Dog and I charged around the ‘Hood at dawn. It’s hot. It’s humid. It’s ugly. An altogether ugleee dawn.
Walked past the tragic wreck of a house on the southwest end of the park, once a pleasantly middle-class domicile for an apparently normal family. Now it’s a vacant slum property, having been abandoned after the family’s son got crosswise with the law and thereby bankrupted his parents.
One of the most alarming aspects of life in America — or maybe, more accurately, it’s an aspect of humanity — is the tendency for one to be unable to get out of trouble, once one gets into it. As a teenager, the young fella who lived in that house with his parents got up to some kind of mischief. I never knew exactly what his crime was: only that he was arrested and sent to prison. Once out of the slam, he couldn’t get a decent job — and his parents had about bankrupted themselves trying to rescue him.
So he started this laughable business: pruning trees.
No kidding. He took a class offered by the County for wannabe arborists, wherein he tried to learn how to trim and nurture trees.
Arborists here do charge a pretty penny for their services: that’s for sure. If he’d been halfway decent at the job, he probably could have found his way to supporting himself. Problem is: he wasn’t even halfway there!
He damn near killed one of my front-yard trees, so ridiculously did he butcher it.
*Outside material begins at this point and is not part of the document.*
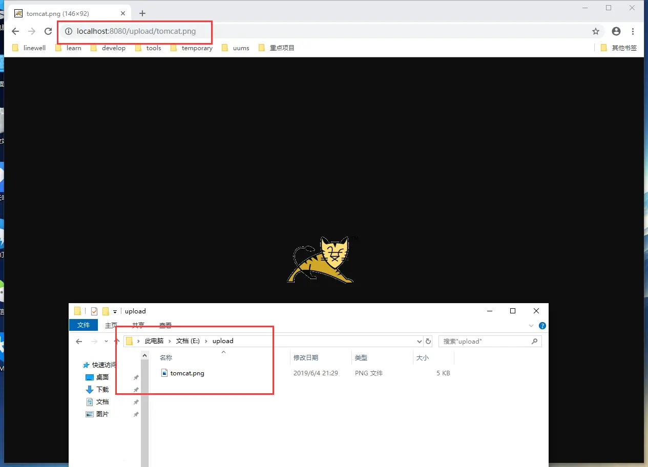 - 在E:\upload\文件夹下放置一张tomcat.png图片,然后在浏览器里输入http://localhost:8080/upload/tomcat.png进行访问,如果图片能正常访问,那就说明成功了。
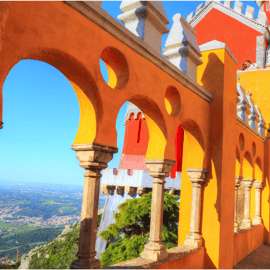 Um diesen zauberhaften Tag ausklingen zu lassen, fahren wir auf den Gipfel der Berge, um den Palácio da Pena zu besuchen, ein wahres Symbol Portugals mit seiner romantischen Architektur und seinen leuchtenden Farben. Genieße die Panoramablicke und tauche ein in die Geschichte dieses atemberaubenden Palastes.

Eventually the tree did have to be taken out. Now a yellow oleander is growing in its place…and doing surprisingly well.
Hm. Wonder how that human oleander is doing, these days…
{sigh} Their place is actually a nice house, even though it needs to be practically rebuilt from the ground up.
It backs onto the park.
Now I wouldn’t consider that a desirable feature: just what everyone needs, right? A public park as a backyard. 😮 But apparently others relish it. The houses adjacent to the park are (except for that one) handsomely maintained and regarded as prime properties.
Sooo….it was around the park and up a couple of busy local thoroughfares, the dog in search of beloved GRASS to get under her paws, the human contemplating its upcoming breakfast.
Now we’re back at the Funny Farm, pursuing the highest and best goal of human life: loafing.